I’m glad Kurt was able to help you resolve the zombie instance issue!
As for this:
This is normal and should stop after a couple minutes. This is libcluster trying to re-establish a connection from a running node to the lost/down node. After a period of time it stops trying.
You will see messages like this when you deploy a new release of your app because old nodes (and addresses) go away from the cluster.
Hopefully that helps you feel more comfortable with these non-error messages.
@Mark sorry if I wasn’t clear, but these messages have been occurring for months, with the same IPv6 address - specifically, the IPv6 address of the specific “zombie” instance that Kurt killed over a month ago. Here’s the context:
Thanks for the additional background! That is unusual. I haven’t seen that before.
I see from your log display that libcluster is trying to connect to the node that was removed. Because of the fly6pn topology, I’m assuming you are using the Cluster.Strategy.DNSPoll strategy. If that’s true, then I doubt the project has any nodes explicitly configured into it like the docs show is possible. That just wouldn’t make sense.
Are all the nodes identical Elixir apps? Or are there multiple apps in the same Fly organization?
Wondering if this issue is relevant to your situation.
@Mark the nodes are identical Elixir apps. We have other apps running in the same organization, but these have different names. The “zombie” instance was part of the cluster for our production application when it was alive. Even when it was no longer visible In the console, it was processing Oban jobs so it had the correct DB credentials, etc.
I also assume that the app has been deployed at least one since the zombie instance was shutdown? Have you tried doing a fly apps restart <APP_NAME>. The idea being to prod them to forget the removed node.
I’m not aware of anything from the Fly-side that could or would keep around Elixir’s awareness of a removed VM. I suspect it must be something from within the app. Yes, there was a problem where a rogue VM was left around, but with that gone, I can’t think of anything that would make an Elixir node still try to connect to that instance. Can you?
If you iex into a running instance, and run Node.list(), it lists all the other nodes known to the one you are connecting to. If the zombie node is still listed then it must somehow be running and connected… which doesn’t make sense. I’m stumped.
@Mark the zombie instance ID from the log messages doesn’t show when I do Node.list(). We have two VMs running, and when I do Node.list() on one, it only shows the other one.

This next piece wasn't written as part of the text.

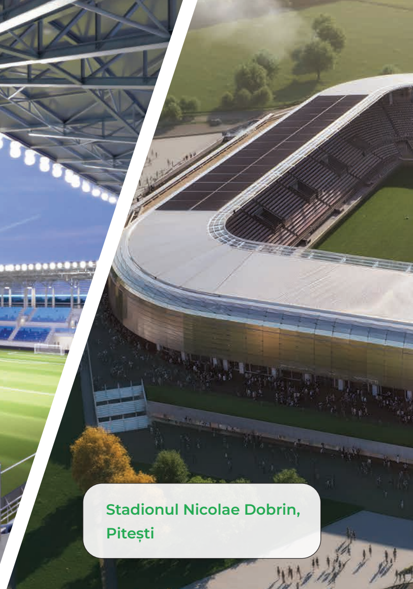
Stadionul Nicolae Dobrin, Pitești

$ fly ssh console --app production
Connecting to fdaa:0:309a:a7b:92:cf73:54ce:2... complete
/ # app/bin/enaia remote
Erlang/OTP 25 [erts-13.0.4] [source] [64-bit] [smp:2:2] [ds:2:2:10] [async-threads:1] [jit]
Interactive Elixir (1.13.4) - press Ctrl+C to exit (type h() ENTER for help)
iex(production@fdaa:0:309a:a7b:92:cf73:54ce:2)1> Node.list()
[:"production@fdaa:0:309a:a7b:9d36:e805:87c3:2"]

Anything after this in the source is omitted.